A member of our FB group Vegan Theology recently asked me “why most vegans are atheists or non believers in God.” Well, what we can say, based on survey research (e.g., Faunalytics 2014; Pew Research Center 2014) (n.1) in the UK, US, and parts of Europe, is that vegans are more likely than the general population to identify as atheist, agnostic, or religiously unaffiliated. But available data does not demonstrate a majority of vegans are atheists.

Many vegans who identify as atheists or non-believers are not rejecting goodness, love, or compassion — in fact, it’s often the opposite. Their journey into veganism usually begins with a deep moral awakening about suffering, justice, and non-violence. When they then look at religion, they sometimes see a painful contradiction: churches blessing a world built on animal exploitation, believers defending slaughter as “God-given,” and dubious scriptures in the Old Testament describing animal sacrifice as divinely commanded. To a compassionate vegan, this can make God appear to endorse violence rather than mercy.

The issue is often intensified by the way Jesus the Vegan Christ is commonly portrayed by the Pauline camp as a non-vegan. If Jesus is believed to have eaten fish, supported fishing, or approved of Passover lamb, then Christianity can seem morally behind modern compassion. Some conclude that secular ethics now surpass religious morality — not because they hate God, but because the version of God they were shown seemed to permit cruelty.

For some, the tension deepens when they read Paul the self-proclaimed Apostle. In passages such as 1 Corinthians 10, Paul tells believers to eat whatever is sold in the meat market without raising questions of conscience. To vegans, this can sound like a direct dismissal of concern for the lives and suffering behind animal flesh — which makes faith seem ethically insensitive.

There is also deep disappointment with religious institutions. Many vegans see churches aligned with power, tradition, and dogma rather than standing with the vulnerable. This reminds them of the Pharisees whom Jesus criticised for outward religiosity without inner mercy. Add to this fear-based preaching about hell and punishment, and religion can feel coercive rather than loving.
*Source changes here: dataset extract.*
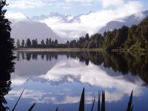 Back at lower altitudes, Mt Cook seen twice from the shores of Matheson Lake.
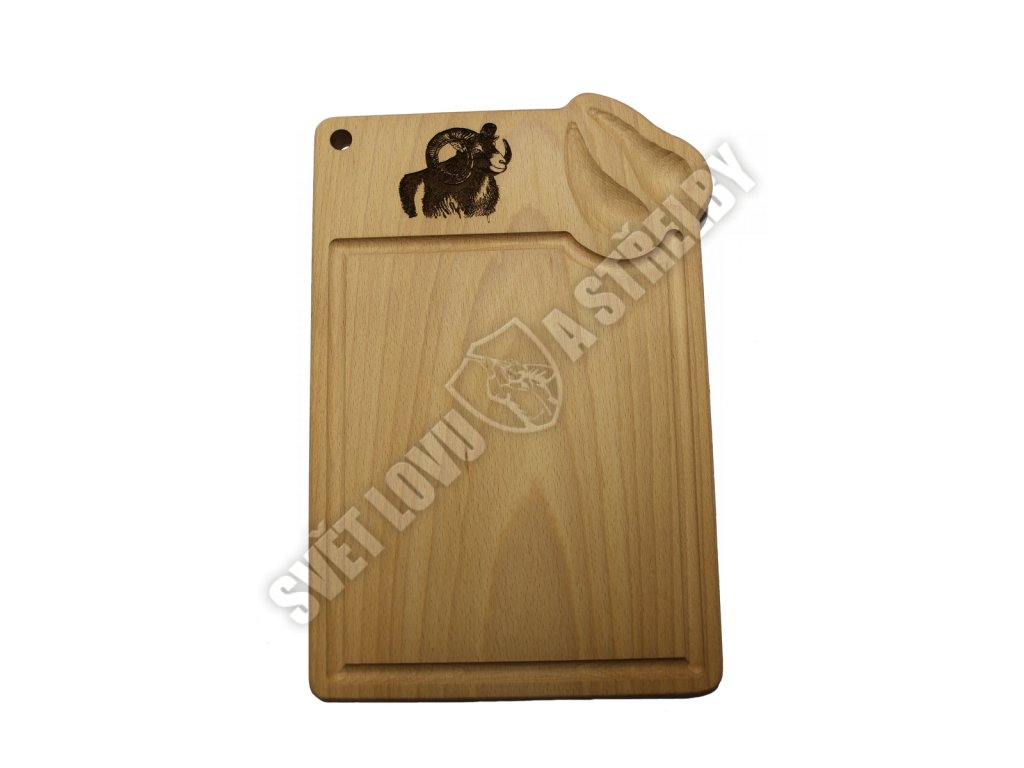 Stylové dřevěné prkénko s vyobrazením muflon a odpovídající stopou v pravém horním rohu je skvělým dárkem do myslivecké kuchyně.

Importantly, a large number of vegans are not truly against spirituality. Many believe in interconnected life, compassion as a universal law, or a higher moral order. What they reject is a picture of God that seems to justify hierarchy, domination, and bloodshed. In that sense, their atheism is often a protest against a violent image of God — not against divine love itself. From this perspective, vegan ethics may actually be closer to the heart of a truly compassionate God than much traditional religion has been. “For I desire compassion, and not sacrifice,” says Jesus (Matthew 9:13; 12:7; cf. Hosea 6:6).

 

Notes

1. The most frequently cited dataset is the Faunalytics (formerly Humane Research Council) 2014 U.S. Study of Current and Former Vegetarians and Vegans, which found that among self-identified vegans surveyed, approximately 35–45% identified as atheist or agnostic, a proportion significantly higher than in the general U.S. population at the time (Faunalytics, 2014). Similarly, Pew Research Center (2014 Religious Landscape Study) shows that religiously unaffiliated Americans are overrepresented in animal-rights and vegetarian/vegan-leaning demographics compared to national averages. However, no major nationally representative dataset demonstrates that a majority (>50%) of vegans explicitly identify as atheists.